California education leaders are pushing back against the Trump administration’s directive to dismantle diversity, equity, and inclusion (DEI) programs in its K-12 public schools — despite threats to take away billions in federal funding.

The conflict began on Feb. 14, when Craig Trainor, acting assistant secretary for civil rights at the U.S. Department of Education (DOE), issued a “Dear Colleague” letter warning that DEI-related programs in public schools could violate federal civil rights law. The letter, which cited Title VI of the Civil Rights Act and the 2023 Supreme Court ruling in Students for Fair Admissions v. Harvard, which ended race-conscious admissions, ordered schools to eliminate race-based considerations in areas such as admissions, scholarships, hiring, discipline, and student programming.

According to Trainor, “DEI programs discriminate against one group of Americans to favor another.”

On April 3, the DOE escalated the pressure, sending a follow-up letter to states demanding that every local educational agency (LEA) certify — within 10 business days — that they were not using federal funds to support “illegal DEI.” The certification requirement, tied to continued federal aid, raised the stakes for California, which receives more than $16 billion annually in federal education funding.

So far, California has refused to comply with the DOE order.

“There is nothing in state or federal law that outlaws the broad concepts of ‘diversity,’ ‘equity,’ or ‘inclusion,’” wrote David Schapira, California’s Chief Deputy Superintendent of Public Instruction, in an April 4 letter to superintendents and charter school administrators. Schapira noted that all of California’s more than 1,000 traditional public school districts submit Title VI compliance assurances annually and are subject to regular oversight by the state and the federal government.

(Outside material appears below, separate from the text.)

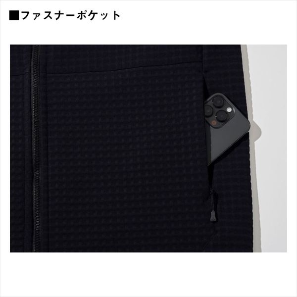 水濡れのリスクを考えたエクストリームフィッシング向けソフトシェルジャケット。表裏ともに撥水機能を有したソフトシェルと、空気層を組み合わせた特殊素材STORMEGAを採用。フリースや裏起毛のミドラーの場合、万が一濡れてしまった際に不快感やヒンヤリ感が持続するが、起毛面を表に出さない構造、かつ肌面は凹凸組織になっており、濡れた際も肌離れを持続し不快感も低減。肌面の凹凸によって体表面の空気の流れを維持することで、動きの多い釣りでのオーバーヒートのリスクも低減。寒い季節でも濡れる可能性のある、ロックショア、ウェーディング、オフショアなどのあらゆる釣りに最適。3層構造ながら、フィルムや接着材を介さない接結の製法を採用することで製品の軽量化を実現。ポケットは小物の収納に便利なファスナー付き仕様。裾にはスピンドルゴムを配し、裾が邪魔になる際や冷気を防ぎたいときに絞ることが可能。洗濯で繊維が抜けにくい組織を採用することで、長持ちでヘタりにくく、環境にも優しい。

In a formal response to the DOE on April 11, the California Department of Education, the State Board of Education, and State Superintendent of Public Instruction Tony Thurmond collectively rejected the certification demand, calling it vague, legally unsupported, and procedurally improper.

“California and its nearly 2,000 LEAs (including traditional public schools and charter schools) have already provided the requisite guarantee that its programs and services are, and will be, in compliance with Title VI and its implementing regulation,” the letter says.

Thurmond added in a statement, “Today, California affirmed existing and continued compliance with federal laws while we stay the course to move the needle for all students. As our responses to the United States Department of Education state and as the plain text of state and federal laws affirm, there is nothing unlawful about broad core values such as diversity, equity and inclusion. I am proud of our students, educators and school communities who continue to focus on teaching and learning, despite federal actions intended to distract and disrupt.”

California officials say that the federal government cannot change existing civil rights enforcement standards without going through formal rule-making procedures, which require public notice and comment.

Other states are taking a similar approach. In a letter to the DOE, Daniel Morton-Bentley, deputy commissioner and counsel for the New York State Education Department, wrote, “We understand that the current administration seeks to censor anything it deems ‘diversity, equity & inclusion.’ But there are no federal or State laws prohibiting the principles of DEI.”